Showing posts with label Data Warehouse. Show all posts
Showing posts with label Data Warehouse. Show all posts

Saturday, February 13, 2016

Data Warehouse models–comparing Kimball to Inmon

Have recently seen various folks whiteboarding approaches to data warehouse (enterprise data, data stores, ods, etc.) One thing I’m noticing is that they generally fit one or both of the historically accepted approaches, those proffered by Ralph Kimball (and group) and from the writings of Bill Inmon. 

Here’s a comparison diagram I have referenced many times over the years.  The diagram, and article, is from 2010, but the original thought dates back to the 1990’s or earlier.
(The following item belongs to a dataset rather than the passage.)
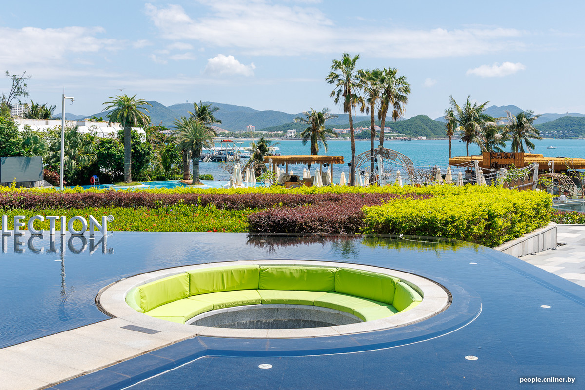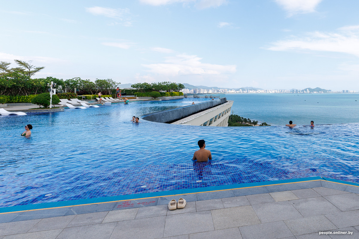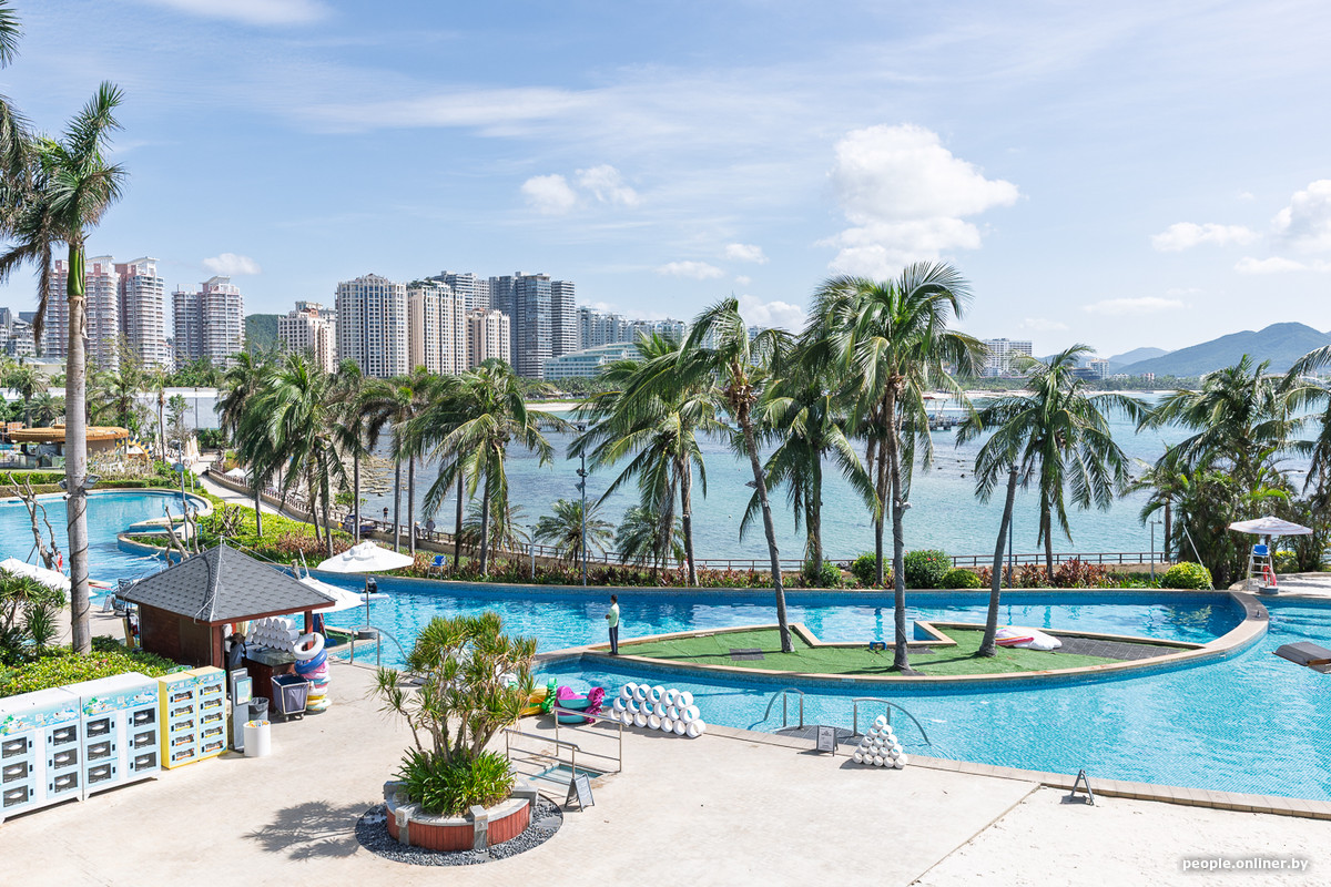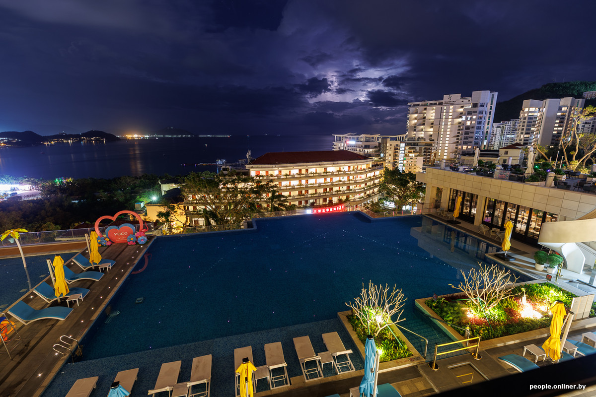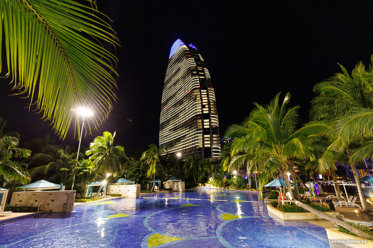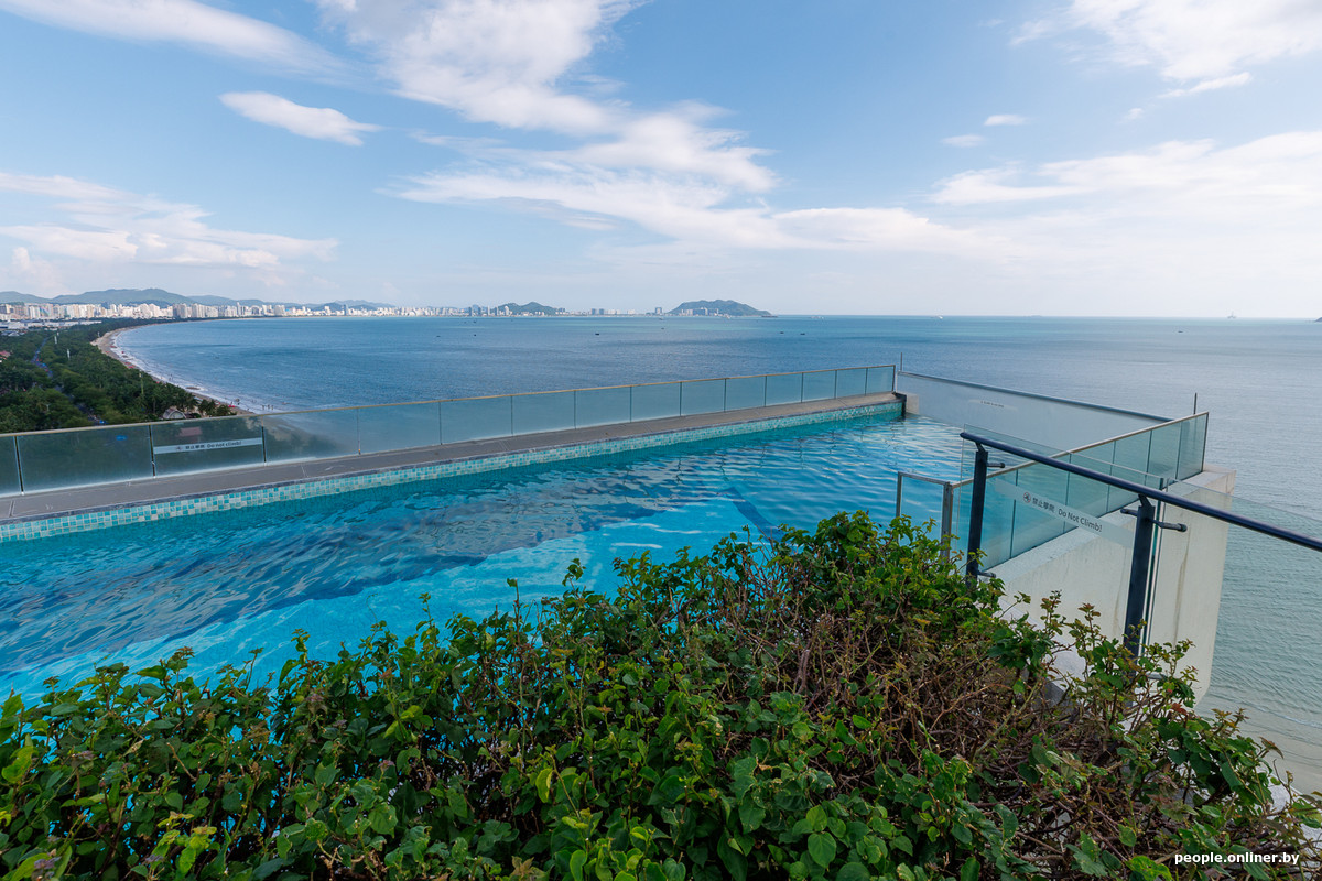 А вот еще один «лакшери-вариант» в городской бухте. Фишка Sanya Conifer Resort — в видовых номерах и инфинити-бассейне на крыше. Ночь здесь стоит дороже $100, но нам подсказали, что за $40 можно приехать и просто почилить в бассейне на крыше, включен ужин в формате шведского стола. Помечайте себе как один из вариантов для приятного вечера в Санье.

https://bennyaustin.files.wordpress.com/2010/05/kimball-vs-inmon4.jpg

https://bennyaustin.wordpress.com/2010/05/02/kimball-and-inmon-dw-models/

Take them for what they’re worth and for the era they come from.  Inmon’s model contains what looks like the current buzzword of ‘data lake’ (though Gartner and others are skeptical of the approach)  In all practicality, the only OLAP cubes developed today against a star schema layer.   Agile tools like PowerPivot and Tableau bypass this somewhat, but still contain a step where one models groupings (i.e. dims) and aggregate (i.e. facts)

Friday, January 29, 2016

Musings on Data Warehouse projects- dealing with data sources of varying quality

Had a discussion this past week with some great colleagues re: the quality of the database design of a potential source system (or lack thereof, depending on point of view)  I've racked my brain trying to find an article that provided some caution in dealing with this.  Almost sure it came from either a book or article from the Kimball Group.   I will paraphrase it:

From time to time, a data source will appear to warrant improvement of some kind.  The data source provider may be all for it.  Couldn't that spreadsheet be turned into a proper system?  
Avoid such efforts.  Your team will be constantly distracted by work of a very different cadence than that which data warehousing requires.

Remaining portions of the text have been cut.